Striking Gold At Silver Apricot… NYC Restaurant Review…

Silver Apricot, which debuted in the midst of the pandemic, is a New-American-Chinese restaurant and a force to be reckoned with.

Not only is this new addition to the New York City dining scene beyond fabulous, but it showcases amazing female talent both in the kitchen and in front of the house.

During my Los Angeles Covid isolation I kept up with NYC dining news.

Silver Apricot was the only restaurant that peaked my interest.

I told my daughter she had to try it…she did and savored every morsel.

She has a tradition of treating us to a wedding anniversary dinner and this year she selected Silver Apricot.

Saturday night was the night to celebrate.

We were seated outside on a balmy summer evening by Silver Apricot managing partner and sommelier, Emmeline Zhao, who had us at hello.

Our server added to the festivities…I love that she grew up in Skaneateles a bucolic upstate New York town where I was coincidentally conceived.

We were welcomed with an exquisite glass of bubbly that our daughter had requested.

The menu features enticing, small, shareable plates.

We kicked the meal off with Scallion Puffs ($11).

What a start. We smeared the warm, snail-shaped puff of flaky pastry that looks like a miniature raisin danish with green scallion butter that is orgasmic…I kid you not.

This was followed up by an amazing Cool Corn Custard which was soo creamy, embellished with fresh corn and black truffle ($19). The combining of these distinct flavors make for a perfectly balanced marriage.

A highlight among a plethora of taste sensations is the Sweet Peas & Burnt Ends which I devoured on my own because my husband does not eat meat…his loss in this case.

The farm fresh sugar snap peas were superb and the crispy pork belly burnt ends were to die for ($15).

We moved on to the Walnut Shrimp Skewers resting on top a delectable honey walnut sauce with a black and white pepper spice ($18).

We ended the savory section with a fabulous Grilled Yellowtail in an outrageous sauce consisting of chanterelles and ramps ($23).

Accompanying the final dish was a Mushroom Crispy Bits Fried Rice which was not my favorite amongst a litany of standouts ($17).

There were a number of other enticing items that we did not order, but sounded exotically appealing including a Watermelon Salad, Crab & Potato Salad, Grass-Fed Skirt Steak and a Trout Crudo.
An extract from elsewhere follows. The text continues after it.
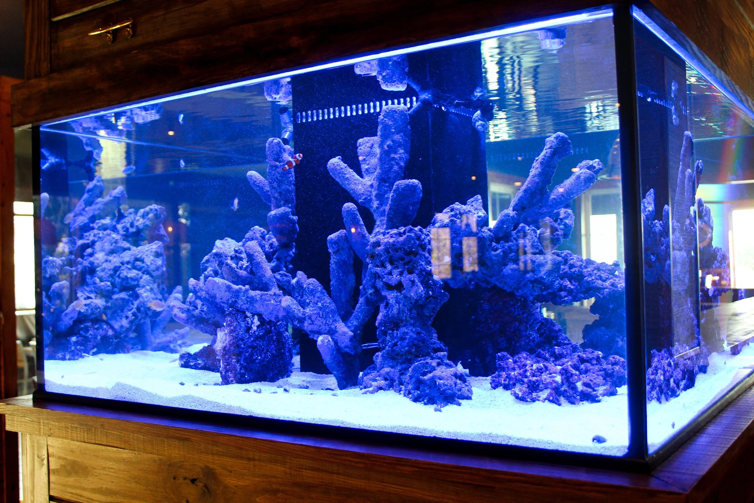 Coastal-inspired lounge and bar at Catch 110 in Biloxi with modern decor, backlit round mirror, and upscale seating for a relaxed dining experience.

Dessert was a reminder of the unbelievable Scallion Puffs in the form of Pineapple Puffs with an outrageous and equally tantalizing salted coconut dulce de leche dipping sauce…an ending as memorable and satisfying as Biden defeating Agent Orange ($10).

A cheese course is offered, but, alas, we had no room ($21).
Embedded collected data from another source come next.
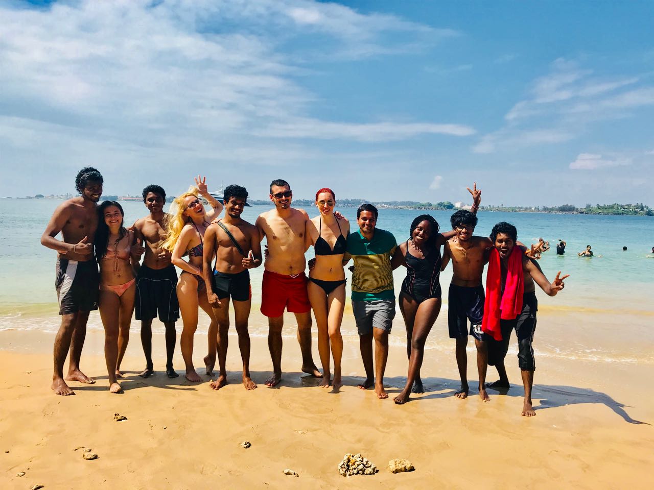 On the next day, everyone slept at least until 8.00 am. After having breakfast and a very delightful tea, we went to the jungle beach nearby, which was our main event for the day. There we spent many hours (at least four hours as I remember) enjoying the tropical weather and untidy waves. Most of them had few minutes of sunbathe on the beach. We took a lot of photos there.they also tried some local king coconuts, which they appreciated so much. Everyone had a traditional lunch, back at the hotel where we stayed and after resting for sometime, we then departed from the hotel using trishaws, hoping to catch a public bus to Tissamaharama, to the hotel we booked to spend the night. The bus was very crowded and we had to try hard to get seats for our foreign guests.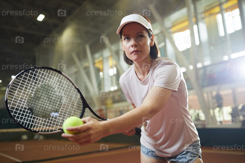 Серьезная, сосредоточенная женщина средних лет в шляпе стоит на крытом теннисном корте и подает мяч во время свободного времени
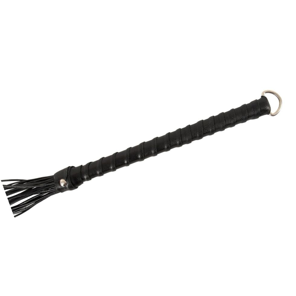 Flogger ZADO din tegument naturală, mărime globală 70 cm, făcut pentru aplicări controlate și consecvente. Curelele rotunde și subțiri, cu vârfuri ascuțite, aduce un impact clar și fără greutate de gestionat, iar linia păstrează un formă discret și îngrijit.

The menu exemplifies a fusion of Chinese staples and the Hudson Valley farm-to-table movement.

Chef and owner Simone Tong who owned Little Tong Noodle Shops in NYC previously worked along side chef and restaurant owner, Wylie Dufresne.

She was born in China and has lived in Hong Kong, Macau, Beijing, Shenzhen, Singapore and Australia before moving a decade ago to New York City.

Tong’s trademark cooking style is taking familiar dishes and breathing new life with exciting flavors into each preparation.

Do not let the portion size fool you…great things come in small, fulfilling packages.

If you try one new restaurant in NYC it should be Silver Apricot which, by the way, is a translation of the original name for the gingko tree in Japanese and Chinese, as represented by the leaf on the restaurant window.

A sublime summer evening sitting outside was greatly enhanced by a sterling meal at Silver Apricot illuminated by exquisite culinary highlights.

Silver Apricot 20 Cornelia Street New York City. Open Wednesday-Saturday 5:30-10pm. Reservations on Resy.